A publication of the Archaeological Institute of America
From the mid-fifteenth to the mid-sixteenth century, the Bedingfelds were a wealthy, prominent family with a splendid country house called Oxburgh Hall in Oxborough, Norfolk, and substantial influence in England’s royal court. Their station was only enhanced when Mary I (r. 1553–1558) became queen—like their new monarch, the Bedingfelds were devout Catholics. In addition to public worship in the parish church, family members would also have worshipped in private, using such accompaniments as a Book of Hours filled with prayer cycles, many of which were dedicated to the Virgin Mary. Other prayers were dedicated to remembrance of the dead.

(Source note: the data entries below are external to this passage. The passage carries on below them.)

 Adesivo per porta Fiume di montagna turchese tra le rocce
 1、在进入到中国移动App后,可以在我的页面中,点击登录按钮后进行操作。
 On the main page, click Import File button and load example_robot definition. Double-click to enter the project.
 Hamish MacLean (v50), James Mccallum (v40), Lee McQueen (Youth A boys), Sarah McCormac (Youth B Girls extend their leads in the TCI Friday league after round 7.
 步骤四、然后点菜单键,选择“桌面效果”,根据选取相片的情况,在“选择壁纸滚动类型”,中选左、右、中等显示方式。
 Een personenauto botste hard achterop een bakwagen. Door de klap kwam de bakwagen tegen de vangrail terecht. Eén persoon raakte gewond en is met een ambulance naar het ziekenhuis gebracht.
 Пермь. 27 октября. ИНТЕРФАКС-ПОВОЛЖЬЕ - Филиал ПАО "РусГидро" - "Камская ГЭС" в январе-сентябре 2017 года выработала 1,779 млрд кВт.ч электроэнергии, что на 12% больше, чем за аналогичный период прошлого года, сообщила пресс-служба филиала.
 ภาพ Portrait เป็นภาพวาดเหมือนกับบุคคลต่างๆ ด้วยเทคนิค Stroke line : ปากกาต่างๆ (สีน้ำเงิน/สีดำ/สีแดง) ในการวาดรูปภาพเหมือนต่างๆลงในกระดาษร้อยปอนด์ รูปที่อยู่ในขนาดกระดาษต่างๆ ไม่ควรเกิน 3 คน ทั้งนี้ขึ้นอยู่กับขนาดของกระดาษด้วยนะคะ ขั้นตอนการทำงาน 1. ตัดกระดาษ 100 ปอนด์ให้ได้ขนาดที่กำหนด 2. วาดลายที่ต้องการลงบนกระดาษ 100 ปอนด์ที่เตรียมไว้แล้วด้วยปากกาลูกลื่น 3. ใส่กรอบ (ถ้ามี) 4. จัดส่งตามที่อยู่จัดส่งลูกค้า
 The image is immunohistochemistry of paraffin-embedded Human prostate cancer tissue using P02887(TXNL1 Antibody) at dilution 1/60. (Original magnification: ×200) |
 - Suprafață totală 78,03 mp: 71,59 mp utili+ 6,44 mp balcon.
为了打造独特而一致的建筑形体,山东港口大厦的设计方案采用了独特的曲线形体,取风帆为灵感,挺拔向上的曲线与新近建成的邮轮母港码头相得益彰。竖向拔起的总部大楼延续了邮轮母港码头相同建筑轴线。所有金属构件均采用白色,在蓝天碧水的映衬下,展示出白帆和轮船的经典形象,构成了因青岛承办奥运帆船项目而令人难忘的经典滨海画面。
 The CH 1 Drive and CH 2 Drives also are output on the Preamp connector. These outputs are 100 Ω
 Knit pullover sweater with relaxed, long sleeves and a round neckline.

This page, likely from a Book of Hours, was fortuitously discovered among rubble in the eaves during restoration of Oxburgh’s roof. It displays Psalm 39 from the Latin Bible. “This single page represents the family’s approach to devotional practice,” says National Trust curator Anna Forrest. “The vibrant illuminated initials in azurite blue and gold leaf in place of the more standard blue and red indicates that the book must have been quite expensive, and thus also represents the family’s wealth and prestige. Books of Hours were very important in the later Middle Ages and were often handed down through families.”
The Bedingfelds’ financial state and political standing were both threatened when Elizabeth I became queen in 1558. Unlike Mary, Elizabeth was a Protestant, and the Bedingfelds refused to abide by the Act of Uniformity, which outlawed Mass. “From that point on, they were recusants whose refusal to attend the services of the Church of England was a statutory offense,” explains Forrest. The family would have been forced to shelter at Oxburgh and worship in secret, perhaps using the Book of Hours to which this page belonged.